Below this line are records; transcribe exactly the lines between the one holding "Jim Shore White" and the one holding "Rear View of", inclusive, and omit the pictures.

━━━ DATA ━━━

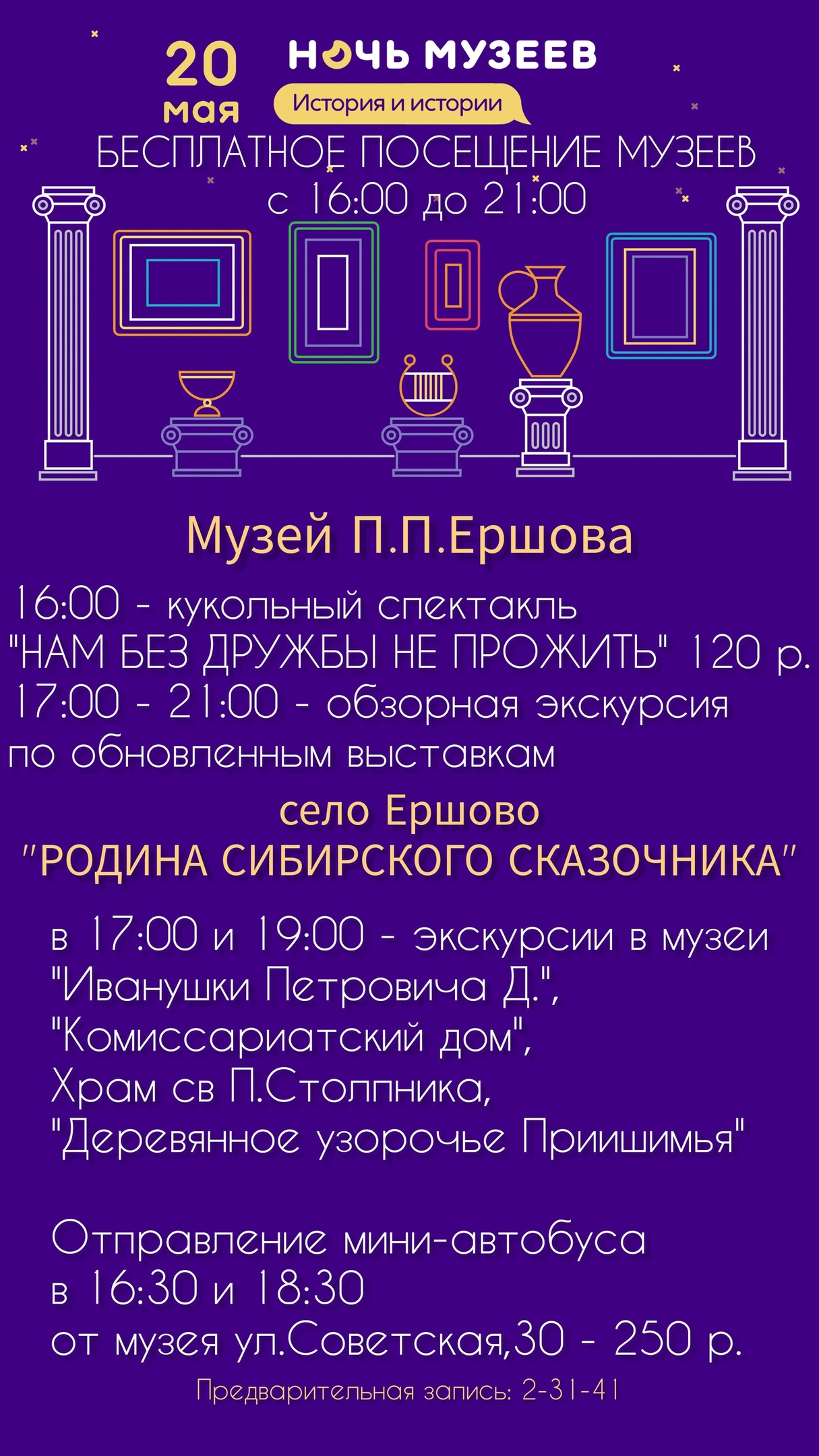 - А также ГЛАВНАЯ ОСОБЕННОСТЬ мероприятия в этом году - добавление еще одной площадки для приема посетителей - работа музеев на родине сибирского сказочника в селе Ершово!
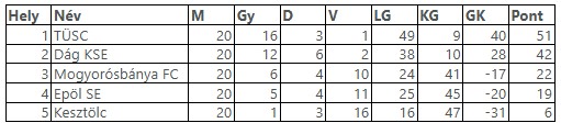 A második helyen álló Dág csapata stabil teljesítményt nyújt, azonban az éllovas előnye jelentős. A dobogó harmadik fokáért viszont rendkívül szoros a verseny: bár jelenleg Mogyorósbánya áll kedvező pozícióban, a Kesztölc és Epöl csapatai is komoly eséllyel pályáznak a bronzéremre.
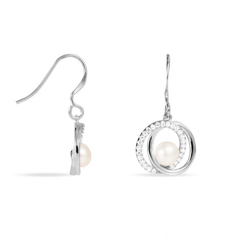 Boucles D'oreilles Pendantes Laury Argent Perle De Culture Et Oxyde
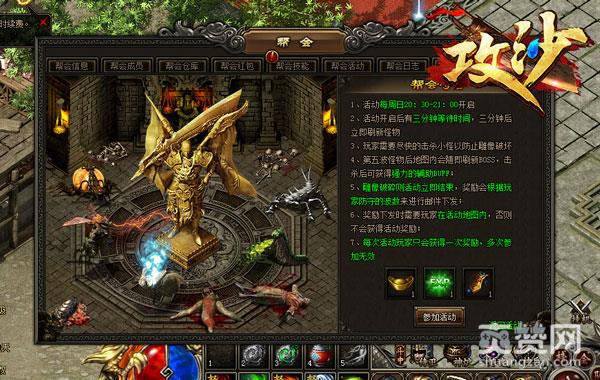 帮会守护是一个帮会定时活动,每周日20点30分开始,活动期间成员们进入场景守护雕像,将获得大量奖励。
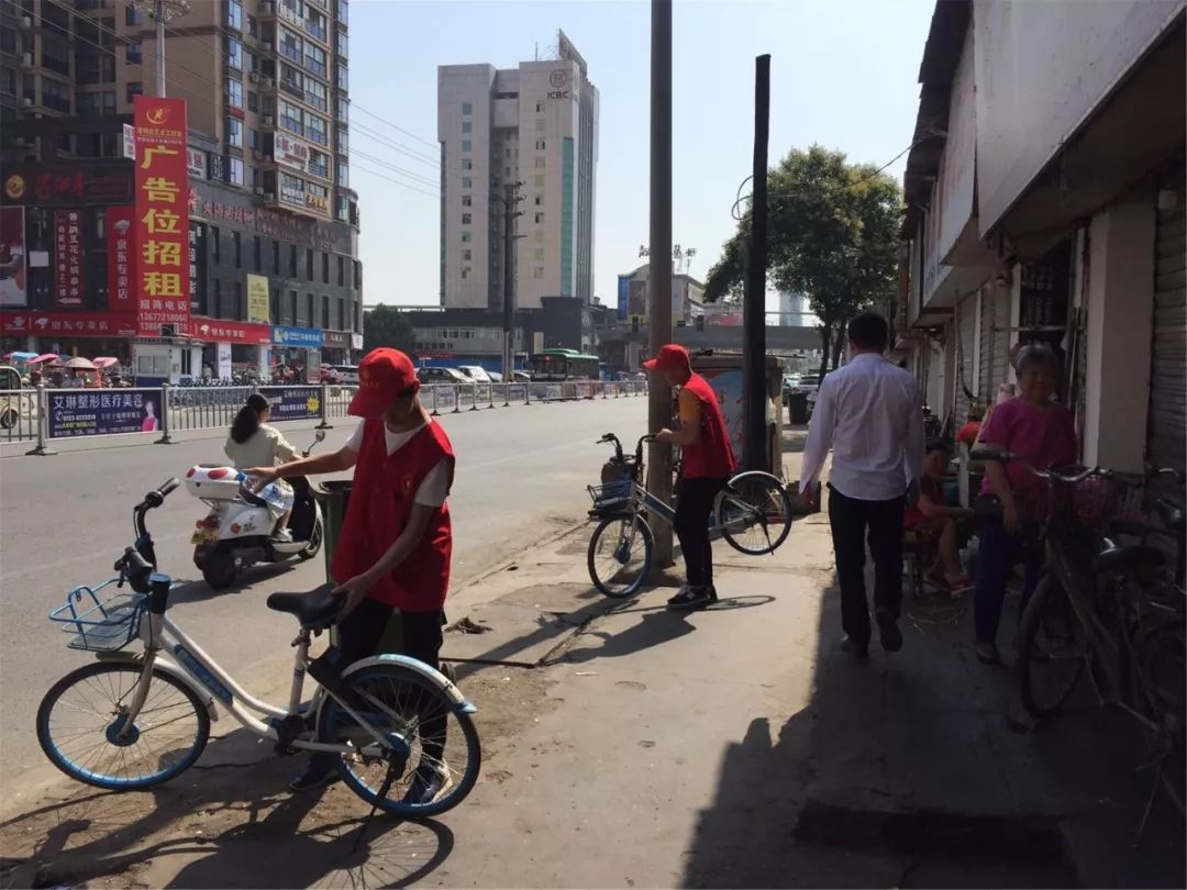 西城铁树社区组织学生志愿者参加环境秩序整治行动,对烈山大道、青年路临街商铺进行规范经营劝导、引导车辆停放整齐,通过实际参与,让学生体验安全文明秩序的重要性,养成文明安全出行的良好习惯。
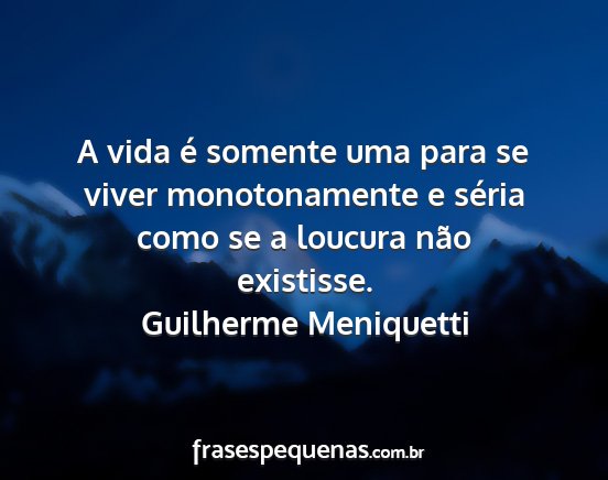 A vida é somente uma para se viver monotonamente e séria como se a loucura não existisse.Guilherme Meniquetti
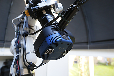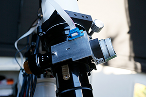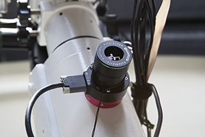 My eye on the sky is a Starlight Xpress Oculus all sky camera. This sits on another custom mounting (piece of wood stuck in the ground!) outside the RPO and looks up through its acrylic dome with a SuperStar sensor and 150° lens. I use the fantastic AllSkyEye software to operate the camera and can monitor exactly what sky conditions are like. It is also very useful to be able to check that the dome has indeed closed at the end of a session. (sxccd.com)
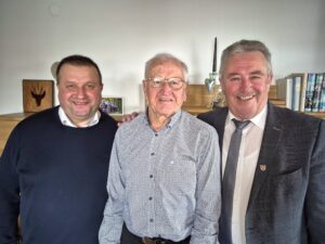 Auf dem Foto v. li.: Pater Paul Ostrowski, Jubilar Josef Pledl, 1. Bürgermeister Walter Nirschl; Foto: Walter Nirschl
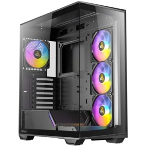 Antec FLUX Mid Tower PC Case – Tempered Glass, White/Wood, 5 PWM Fans, USB-C, E-ATX/ATX/mATX/ITX Compatibility
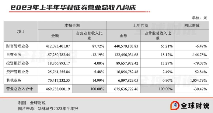 根据华林证券半年报和三季报,该公司自营业务、投行业务、财富管理业务收入均在下降,只有资产管理业务和其他类业务收入在上升。
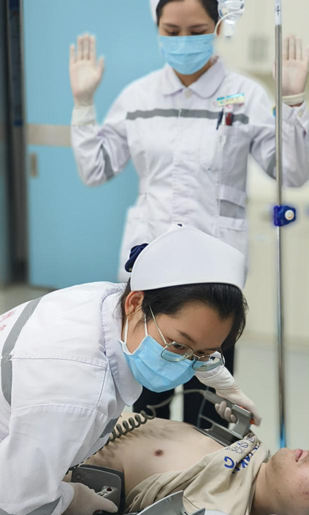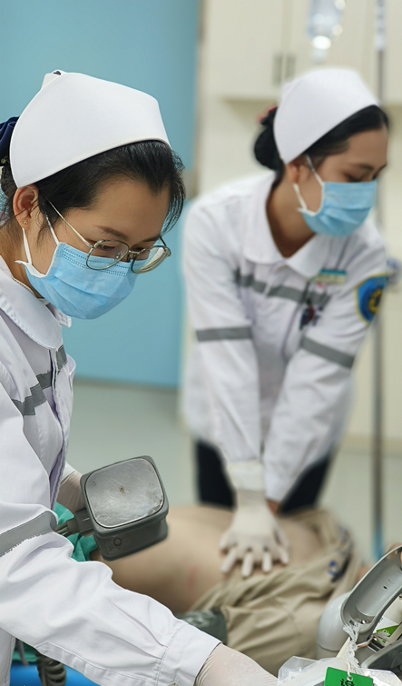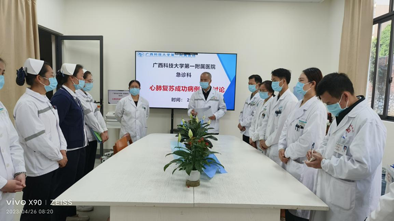 2023年4月24日傍晚19:05分,“滴铃......”,广西科技大学第一附属医院急诊科导诊台响起一阵阵急促的电话铃声。护师梁婵接完电话大声说:“我们出诊的120救护车司机打来电话,陈秋杏、洪凤洁他们正在救护车上进行心肺复苏,情况危急!”。就在这时,急诊科韦建革主任刚忙完手上的工作、脱下工作服准备下班,他习惯性来到急诊抢救室外,看看还有什么特殊病人需要处理。韦主任尽管已经很疲惫了,他一听有抢救又来了精神,吩咐大家做好抢救准备。19:07分,广西科技大学一附院急诊科出诊的救护车在急促警笛声中停在急诊门前,司机罗文华将车门打开,陈秋杏他们还在持续着心脏按压。早就待命的檀成主治医师、梁婵护师、冯素华护师与余永成进修医师马上迎上前,与车上的陈秋杏、小洪一道将病人快速转运进抢救室。“过床!胸外心脏按压!人工呼吸!重新连接心电!肾上腺素注射!建立第二条静脉通路!采动脉血血气分析!除颤!......”
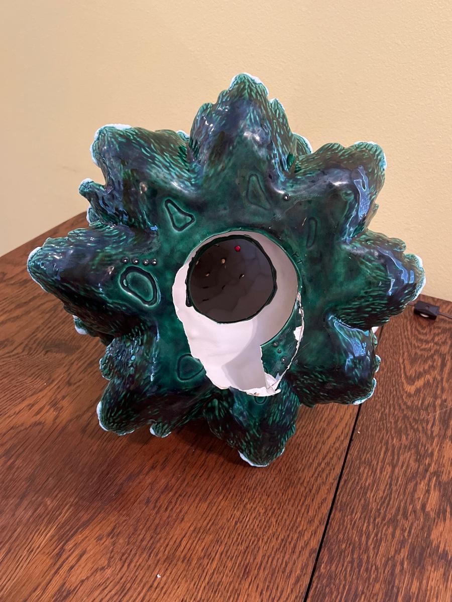 Works! Has all its ornaments. Bottom of pedestal is broken but it stands upright and sits on its stand perfectly. See Photo ~ 19” H x 14” Round.
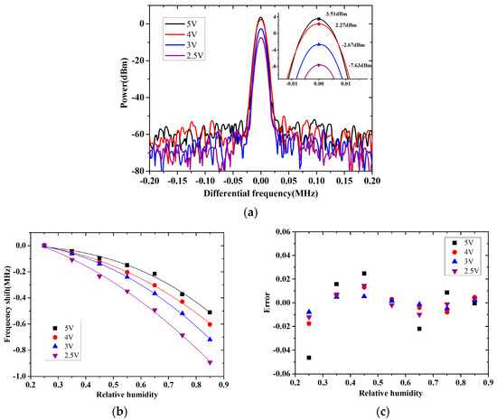 When the sensor sample was used for humidity detection, a different voltage was supplied to the oscillator circuit. Except for the frequency, the power of the output signal changed, as shown in Figure 10a. It meant that the oscillation amplitude of the resonator varied with the supplied voltage of its oscillator circuit. The responses to the relative humidity of the sensor sample with different supplied voltages were detected. As shown in Figure 10b, when the supplied voltage decreased from 5 to 2.5 V, the frequency shift for the detected range increased and the parameter n in Equation (5) decreased from 2.7 to 1.8, which meant that adsorption on surface of the sensor became easier. The measurement results matched the analysis above. Of all the measurement errors in Figure 10c, the one with the 3 V supplied voltage had the smallest error value. It indicated that a low supplied voltage of the circuit was beneficial for the high sensitivity of the sensor, but the accuracy could be reduced when it was too low. The analysis was useful in choosing the supplied power for the sensor to optimize its detection application.
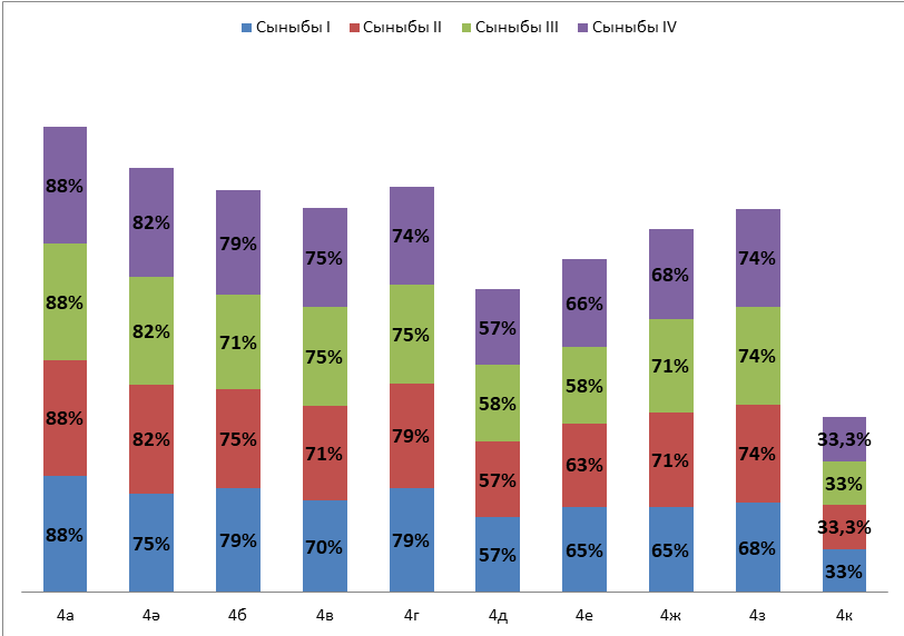 4 | 3в | 24 | 4 | 13 | 7 | 3,8 | 68% | 69% | 71% | 70% | Г.Қаражанова |
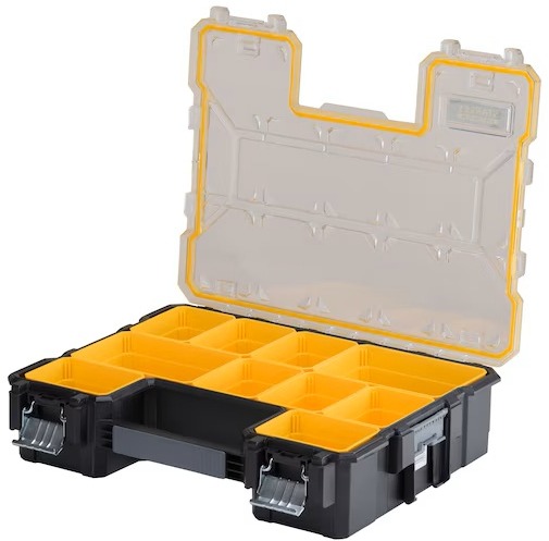Organizér na náradie vodotesný, poistka zásuviek a voľne stojacia, rozmery 10,9 × 33 × 44,6 cm, materiál: kov, plast a polykarbonát, hmotnosť 2 kg, nosnosť 8 kg Profesionálne organizér Stanley FatMax 1-97-518 v hlbokom prevedení ponúka vyberateľné priehradky, rozdeľovače i vodotesnosť. Ak hledáte spôsob, ako bezpečne a prehledne uložiť napr. skrutky v rôznych
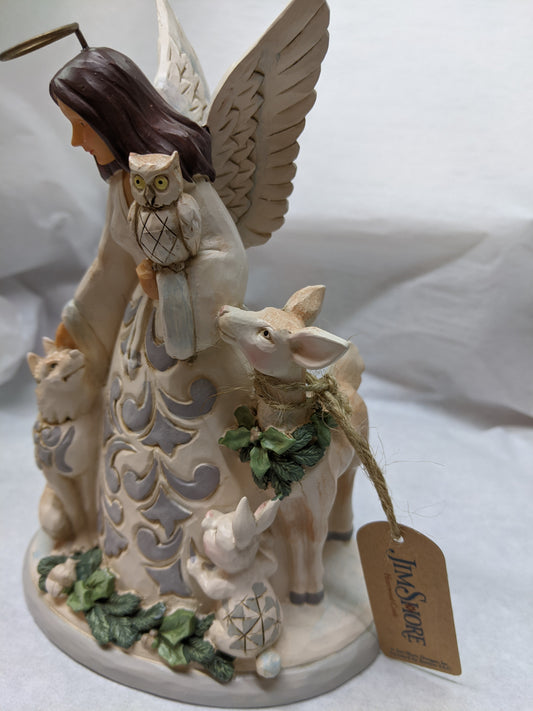Jim Shore White Woodland Pint Size Angel - Beautiful Peace
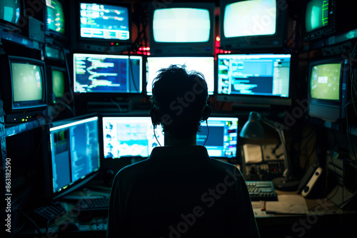 Rear View of Hacker Working Late at Night in a Dark Room
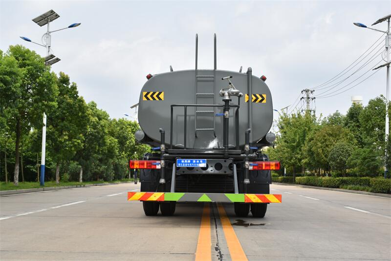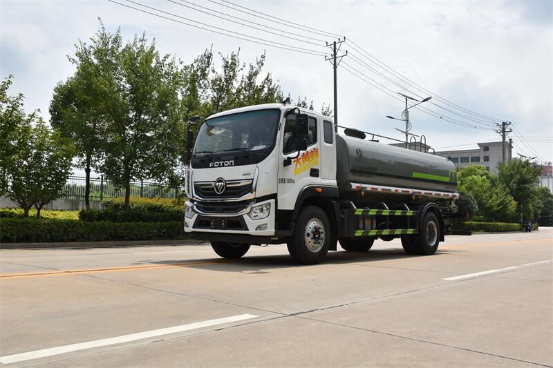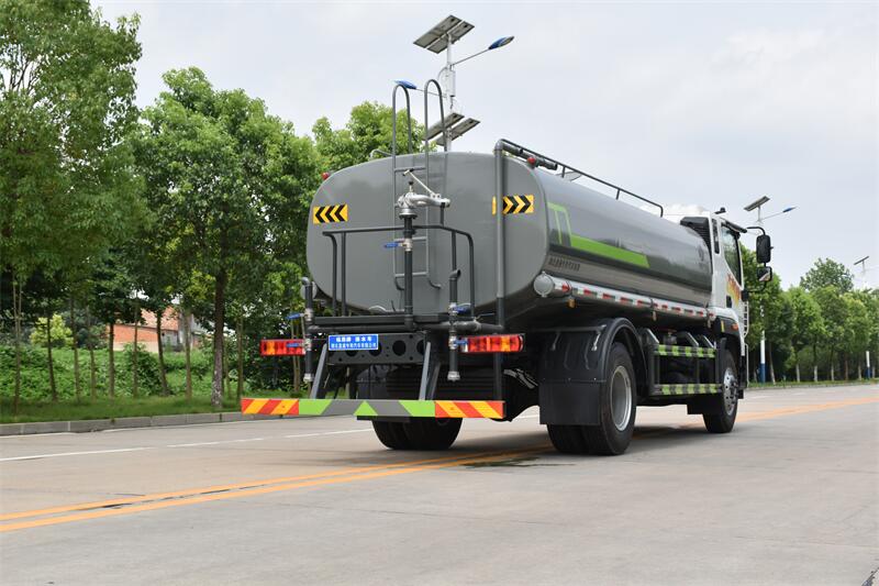 福田15噸灑水車標(biāo)配前噴(鴨嘴)、后沖、后灑、側(cè)噴、后置式工作 平臺,平臺上配置綠化水炮(可 360°旋轉(zhuǎn),既可以調(diào)成柱狀,也可 以調(diào)成霧狀,更可以調(diào)成直沖狀、大雨、中雨、小雨、毛毛雨),配 備優(yōu)質(zhì)大功率專用灑水泵(可自吸自排,可從河里或池塘抽水到罐體), 取力器,雜物過濾網(wǎng),消防接口,自流球閥系統(tǒng)、取力器、球閥、濾網(wǎng) 均為國家標(biāo)準(zhǔn)產(chǎn)品,主管道加粗,法蘭墊、法蘭盤加厚,大通徑球閥。 整體具備性能優(yōu)良安全可靠、效率高、流量大、維修方便等特點(diǎn)。 二.產(chǎn)品配置 1.底盤配置: 發(fā)動機(jī)玉柴 200 馬力(四缸),法士特 8 檔變速箱,軸距 4500,前 橋 4.5T,后橋 10T,10.00 鋼絲胎,斷氣剎,空調(diào),電動玻璃,ABS。
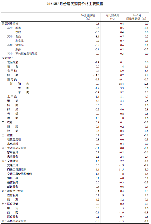 2021年3月份,全国居民消费价格同比上涨0.4%。其中,城市上涨0.5%,农村上涨0.4%;食品价格下降0.7%,非食品价格上涨0.7%;消费品价格上涨0.6%,服务价格上涨0.2%。一季度,全国居民消费价格与去年同期持平。
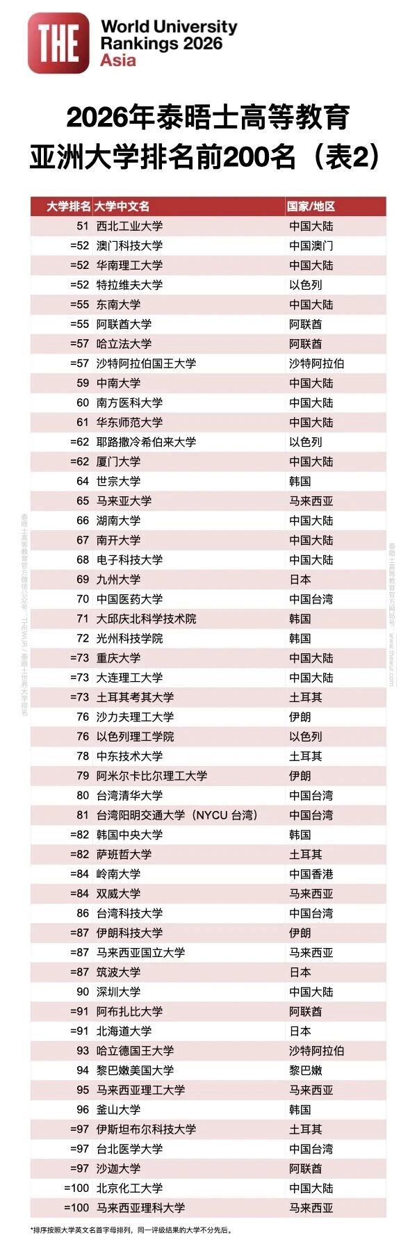 随着亚洲留学热度持续攀升,亚洲大学排名已成为众多家庭选校的重要参考。刚刚,泰晤士高等教育(THE)正式发布2026年度亚洲大学排名!这是第14版,来自36个国家/地区的929所高校上榜,规模再创新高。中国大陆高校强势领跑:清华大学连续八年蝉联亚洲第 一,北京大学稳居第二,复旦大学、浙江大学、上海交通大学均跻身前十。新加坡双雄稳坐前五,中国香港八所大学全部上榜。想了解亚洲顶 尖名 校格局?先来一睹TOP50院校风采!

━━━

_OUTPUT BELOW_
Jim Shore White Woodland Pint Size Angel - Beautiful Peace
 Rear View of Hacker Working Late at Night in a Dark Room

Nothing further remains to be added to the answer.